- Born: Australia
- Occupation: Geographer

= Harold Camm =

Australian geographer

Harold Camm (7 September 1903 – 6 April 1990) was an Australian geographer who served as the Surveyor General of Western Australia from 1959 to 1968.

== Biography ==

He was born in Geraldton, Western Australia on 7 September 1903.

In July 1932, he married Dorothea Laura Hill Parker (1900 - 1992), a medical practitioner. Their son, Richard Camm was born in 1934.

He died on 6 April 1990 in Perth, Western Australia.

== Education ==

He was educated at Perth Modern School.

== Career ==
He became a licensed surveyor on 9 April 1925.

In 1959, he was appointed as the Surveyor General of Western Australia by the department of land administration under the terms of the Electoral Districts Act 1963.

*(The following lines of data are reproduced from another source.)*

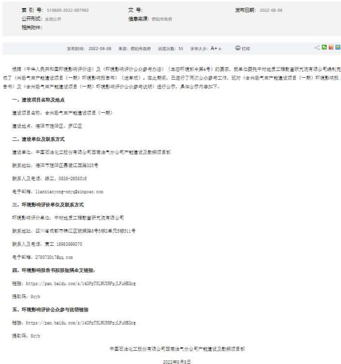
图 5.2-1 报批前网络公示截图
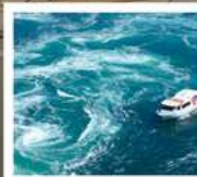
คลองเรือขมบ้านนาสุโตะ

คลองเรือขมบ้านนาสุโตะ / ซุปบึงย่านชินโซบาช / ตลาดปลาคุโรเมง / ซุปบึงย่านอุมาเดะ
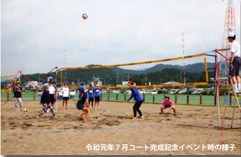
令和元年7月コート完成記念イベント時の様子

※観戦は無料ですが、新型コロナウイルス感染症感染対策の観点から入場制限もしくは無観客で実施する場合があります。
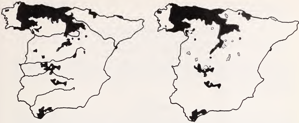
Fig. 1. Distribution du chevreuil ( Capreolus capreolus ) en Espagne
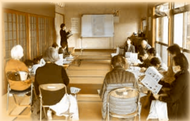
星取公民館で実施したスマホ教室の様子
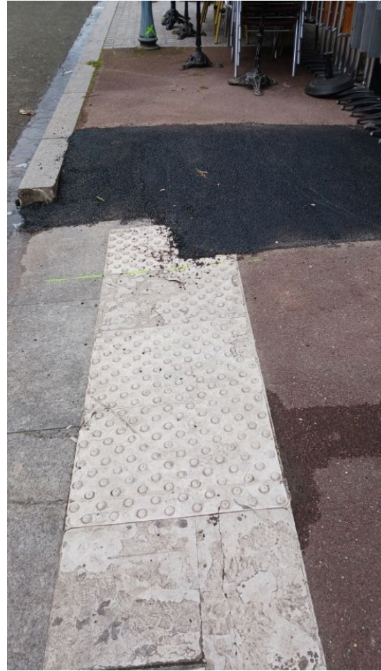
Etat existant versus exemple de modification de la piste cyclable
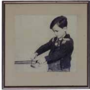
das kannst auch du 2003 Objekt, Detail 15 x 15 cm

1973 * in Erlangen 1995-99 Studium an der Akademie der Bildenden Künste in Nürnberg 1998/99 Gaststudium an der Ecole des Beaux Arts de Lyon 1999 Meisterschülerin AdBK Nürnberg 2000 Studium an der Kunsthochschule Berlin-Weißensee 2003 Diplom Freie Kunst/Bildhauerei seit 2006 freie Mitarbeiterin an den Staatlichen Museen zu Berlin seit 2008 lebt in Berlin 1997 erster Preis der 3rd International Student Art Biennial Skopje 1998 Stipendium des Deutsch-Französischen Jugendwerks
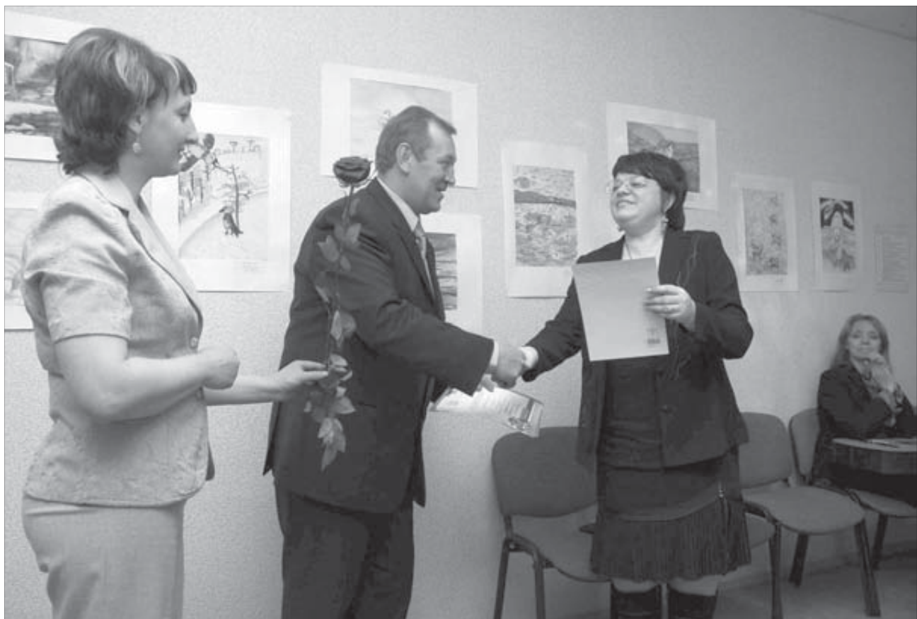
Награды тем, кто едет за туманом

Этой наградой сравнительно недавно был отмечен весь коллектив заповедника – за честь, доблесть, созидание и милосердие. В адрес сотрудников прозвучало много теплых слов от друзей и партнеров. Среди пожеланий немаловажным было следующее: "Желаем вам финансирования, достойного миллионов ваших квадратных метров".
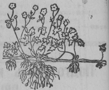
Люттик ползучий, — размножается укореняющимися плетями.

или ячмень, то и эти посевы обязательно нужно выпалывать. Как только всходы окрепнут и подымутся примерно на 10—
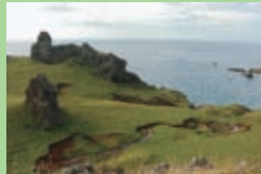
綠島唯一有白沙的海灘
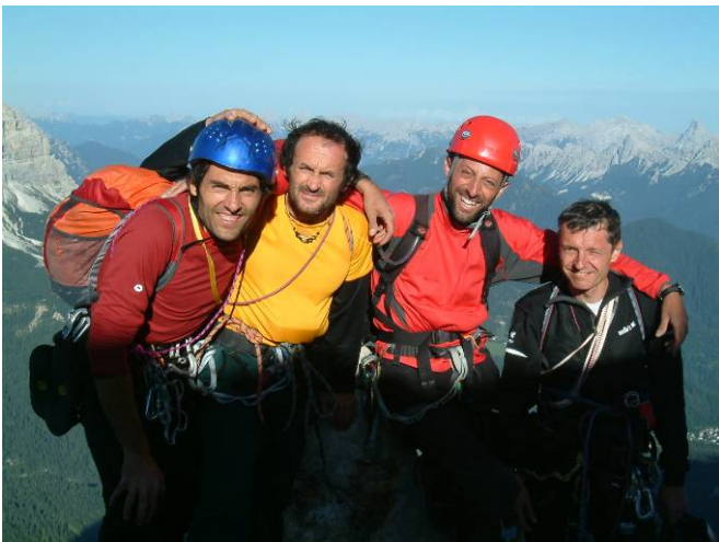
In cima: tutti!

His period of leadership encompassed a peak land settlement era where 1,000,000 acres of virgin bush was annually classified and subdivided into farms for conditional purchase release. Substantial areas of land were set aside in conservation reserves and a policy of road reserves 20 and 40 chain wide was implemented under his direction. The importance of these interconnecting ribbons of land to the conservation of flora and fauna has only been recognized in recent years.

New technologies were also introduced into the department and the survey industry over this period, equipment such as electronic distance measuring instruments, computers and photogrammetric equipment. As a result, greater efficiencies in surveying and mapping were attained, including the accelerated geodesic surveying and mapping programs across Australia, to which Western Australia was a major contributor.

His tenure ended in 1968 and he was succeeded by John Frank Morgan.

He also served with the Australian Army in the Royal Australian Survey Corps during World War Two from 1942 until 1945, and attained the rank of captain.